Economic Update

Published 15 Jun 2012

A recent announcement that plans to raise the capital requirement for insurance companies could be delayed beyond 2016 could give local and international insurers more time to focus on growth areas such as microinsurance and bancassurance.

In May, officials from the Insurance Commission (IC), the industry regulator, told local media that the increase in capital required from P175m ($3.99m) to P1bn ($22.79m) could be deferred. It added, however, that the move will ultimately prove crucial in increasing the insurance industry’s competitiveness as the country prepares for ASEAN integration into an “economic community” by 2015.

In early 2012, the Philippine Life Insurance Association (PLIA) stated that the proposed hike could lead to the closure of “about half” of the 84 non-life insurance firms currently operating in the country, prompting the PLIA to urge the government to seek a compromise that was in the industry’s best interests.

While speaking with BusinessWorld Online on May 16, Emmanuel Dooc, the IC commissioner, said that the IC will offer a number of incentives for insurance firms that comply with the higher standard.

Although the level was to be raised gradually, critics have said the industry is not stable enough to manage such a significant increase and that only multinationals will benefit from the increase in capital. Indeed, international insurers are benefitting from growth in the country, with UK-based Prudential’s Philippine unit reporting a 33% increase in gross premium income in 2011 to P10.4bn ($236.98m) from P7.8bn (177.74m) in 2010.

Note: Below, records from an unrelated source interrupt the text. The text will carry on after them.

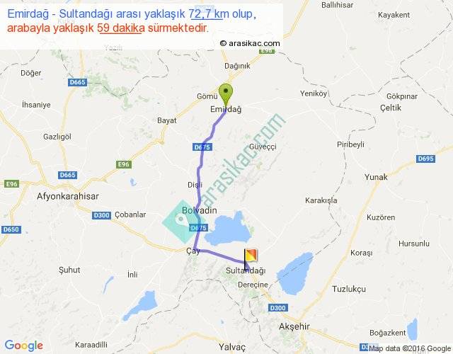 Emirdağ - Sultandağı arası yaklaşık olarak 90 km/h ile yukarıda belirtilen sürede olup, iki yerin kuş uçuşu uzaklığı (mesafesi) 54'dir. Yolculuk otobüsle 1 saat 16 dakika sürmektedir.
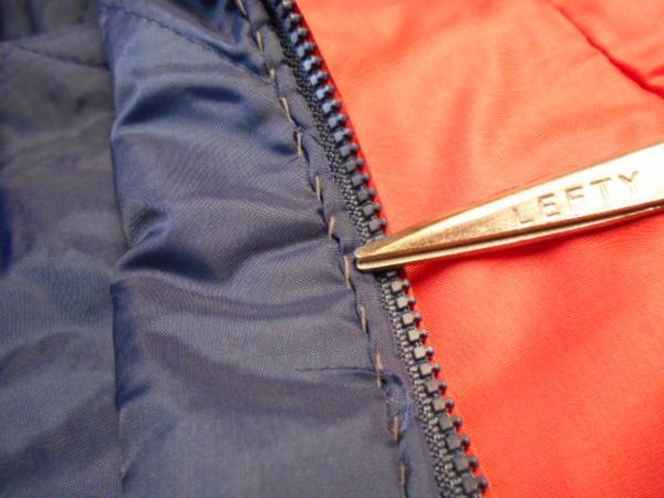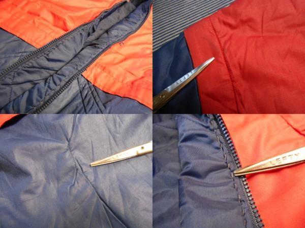 程度は悪いです、汚れ、胸に染み、後ろの下に補修跡、内側の生地がZIPに噛まないように縫っています
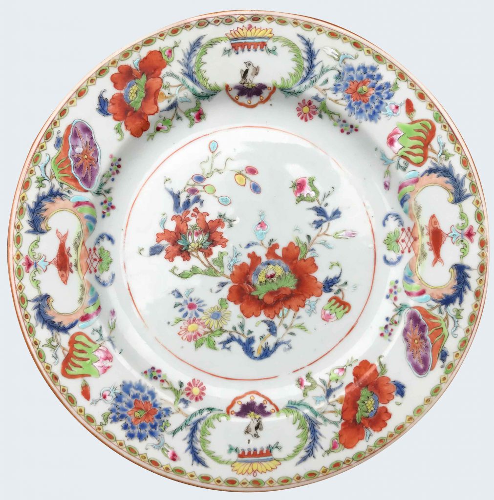 Peinte dans les émaux de la famille rose, en polychromie à « dominante bleu », l’intérieur à décor caractéristique de pivoines dans un médaillon central et quatre cartouches alternés aux armes d’un aigle et d’un poisson autour du cavetto.
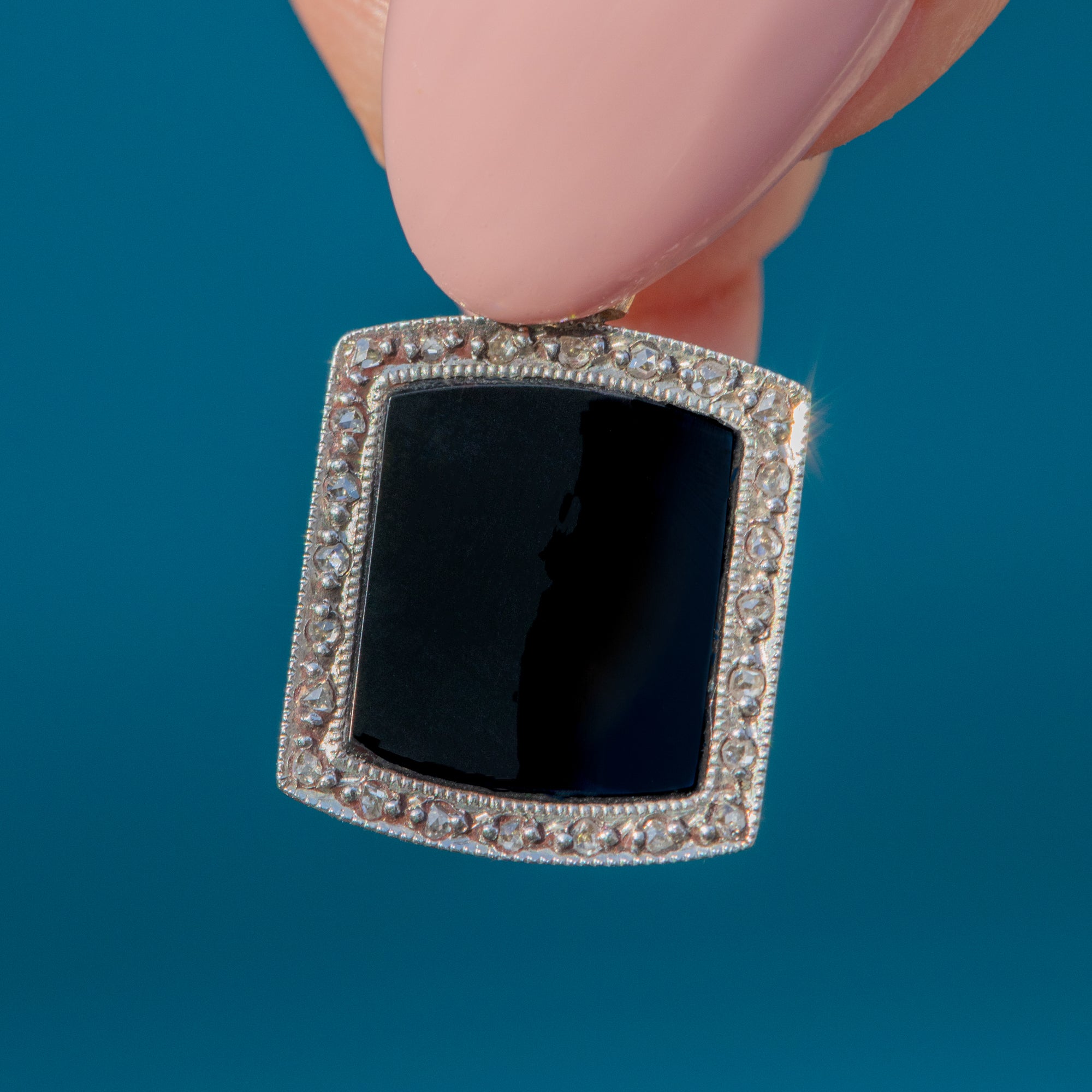 EXCELLENT. This Art Deco 18ct Gold Onyx Diamond panel charm is in excellent condition. She features a beautifully smooth cut of rich black Onyx, free from scratches or chips. Her twinkling Diamond border sparkles like a dream, with each stone securely set and showing only the tiniest signs of age-related wear. The lustrous 18ct White Gold shines brightly, enhancing her elegance. What a delight!
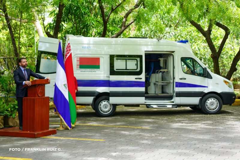 La ambulancia fue entregada simbólicamente por Alexander Egorov, representante especial del presidente Lukashenko para los asuntos con Nicaragua, quien destacó la importancia de elevar el nivel de vida del pueblo nicaragüense mediante la cooperación en salud y educación.
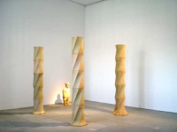 Otro camino, menos evidente, sobre el mismo tema queda reflejado en varias piezas fundamentales dentro de la muestra. Hanging figures (2001), son dos figuras que cuelgan ahorcadas por su lengua. Fue una de sus últimas piezas. Many times (1999), es una pieza constituida por un centenar de esculturas de figura humana que ríen con unos caracteres faciales similares, de corte asiático, pero que presentan posturas distintas entre sí. Un paseo por entre esas figuras hacen verdad el sueño de Juan Muñoz, cuando afirmaba: “Me gustaría que el espectador pudiera entrar en la obra de arte como un actor entra en su propia escena… Me gustaría que quien acude a una exposición, ya sea en un museo o en una galería, se comportara como lo haría un actor, un actor inmóvil”. Chica con cesta (1996), representa una joven cuya cabeza y brazos se encuentran embutidos en una cesta de mimbre.
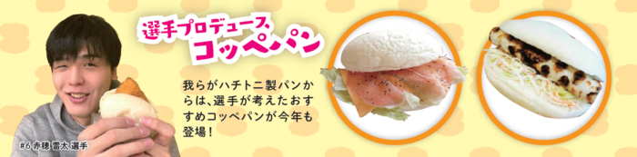 ハチトニ製パンからは、昨年も大好評だった選手とのコラボこっぺを販売します。

Data from the PLIA showed that the life insurance industry as a whole grew by 21% in 2011 in terms of premiums, which reached P85.8bn ($1.96bn) from P70.7bn ($1.61bn) in 2010. The life insurance segment is expected to grow at least 16% in 2012, breaking the P100bn ($2.28bn) threshold in new premium income by the end of 2012.

One area seeing particular expansion is microinsurance, with 3.5m policies sold in 2011 and 5m expected to be sold this year. In the Philippines, microinsurance products involve premium payments as low as P1 ($0.02) to P19 ($0.43) per day, with benefits as high as P190,000 ($4329) per policy. In May, Philippine Prudential revealed it had sold a total of P26.73m ($609,088) in microinsurance premiums in 2011, an increase of 186.16% over 2010.

The microinsurance segment is growing in importance as a contributor to the industry’s penetration rates, which in 2011 hit just 16%, far behind regional rivals Indonesia, Thailand, Malaysia and Singapore. Indeed, critics have called for Manila to do more to encourage the sector, such as linking the provision of micro-policies to corporate social responsibility initiatives, tax breaks and other fiscal incentives.

Meanwhile, domestic firms are seeing growth in other policy areas, with PhilPlans First (PPF) reporting a 27%% increase in first payments (FPs) – the initial payments for the five-year payment period for pre-need products, which include pension, memorial/life and education products – in the first four months of 2012. PPF said its FPs grew to P257m ($5.86m), some 37.5% higher than the P186.9m ($4.26m) it saw in 2010.

Prospects for growth are also boosted by remittance payments from the estimated 12m Filipino overseas workers and high liquidity in the country’s financial system boosted by its surging business process outsourcing industry.

A key sector that is expected to emerge is bancassurance, or the sale of insurance products through bank branches. A number of banks reported bancassurance-related growth in 2011, with Philam Life reporting that its partnership with the Bank of the Philippine Islands (BPI), jointly known as BPI-PhilAm, posted growth of 13%. Some two-thirds of first-year premiums were sold through bancassurance in 2010, according to the PLIA.

However, officials from Philippine Prudential have said that lifting a rule where banks must hold 5% equity in an insurance firm and relaxing other bancassurance requirements will make insurance products more accessible to the public, a move that would likely be welcomed by Filipinos at home and abroad.